Influenced by Glissant's doctrine of Caribbeanness, a more recent group of writers, led by the Martinicans Patrick Chamoiseau and Raphaël Confiant, has spearheaded a literary movement known as Créolité or "Creoleness". In their essays and fiction, they pay homage to Glissant's vision of Caribbean reality. However, they are more specifically concerned with promoting the importance of racial diversity and the literary value of the Creole language. These ideas are implicit in Glissant's work, but they are not central to his theory, which is above all committed to defending the individuality and complexity of Caribbean culture against the invasive political and media presence of France in her overseas departments.
Present-day racial diversity in the Caribbean illustrates the continuous reshaping of the society in the century and a half since slavery ended, not only with the arrival of indentured labourers from India and from China, but also with the coming of other ethnic groups such as the Lebanese, in search of freedom from poverty or intolerance elsewhere. Chamoiseau, Confiant and their Guadeloupean collaborator Jean Bernabé were not the first to focus on the heterogeneous nature of West Indian society, whose differences of ethnic origin had been extended by the many mixtures between racial groups. Already in 1964 a contemporary of Césaire's, René Ménil, had defined French Caribbean culture as "neither African, nor Chinese, nor Indian, nor even French, but ultimately West Indian".[7] Glissant had begun to introduce characters of Indian descent alongside the black Martinican working class in his novels from the mid-1970s.

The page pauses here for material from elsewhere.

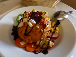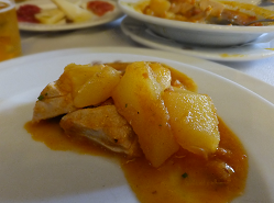 コルドバの名物料理でトマトの冷製スープなんだけど、スペイン人の友達は「ここのサルモレホは絶対に食べとけっ!」と…。確かにスープっていう感じじゃなくって、独特。さらさらと飲むんじゃなくて、完熟トマトの濃厚なディップっていう感じ。でも、ニンニクがきいてて、子供にはちょっとなぁ…。親いわく、こんな濃厚なサルモレホは食べたことがない、と…。さらには、濃厚なトマトの味わいとニンニクの引き締め感。それにビネガーのさわやかさが絶妙なハーモニーを奏でている、と…。これをパンに付けてもいいんだけど、もっとおいしいのは、パデビ(padevi)っていうウエルバ地方のおせんべいでいただくのが最高、らしい…。

However, the Eloge de la Créolité ("In Praise of Creoleness") published by Bernabé, Chamoiseau and Confiant in 1989 is not only the most recent, but also the most explicit attempt to redefine Caribbean culture through the language and folkways that are the common denominators of this diverse population.
This slim manifesto sets aside Negritude as an "African illusion" that encouraged, no less than did French colonialism, the West Indian's mistaken tendency to seek his identity outside his island and through a foreign culture. It praises Caribbeanness allusively through some of its chosen terminology ("we were the anticipation of the relations of cultures"), but considers Glissant's vision of a Caribbean linked to the Americas to be too vast in its framework. Creoleness focuses sharply on Martinique and small countries resembling it, describing itself as "the interactional or transactional aggregate of Caribbean, European, African, Asian, and Levantine cultural elements, united on the same soil by the yoke of history".[8] Creole culture is seen as the result of a process of adaptation that started with plantation days: a mixed culture that arose from the forced, nonharmonious confrontation of different languages, customs and world-views. Its manifestations are perceived beyond the Caribbean and American regions: the authors claim to have Creole affinities with the Seychelles, Mauritius, Reunion, and other African, Asian and Polynesian peoples. On the other hand (and unlike Glissant) they recognize only a limited, geopolitical solidarity with the Caribbean archipelago as a whole, since they consider the process of creolization not to have taken place in certain regions like Andalusian-influenced northern Cuba or the Hindu-dominated canecutting areas of Trinidad.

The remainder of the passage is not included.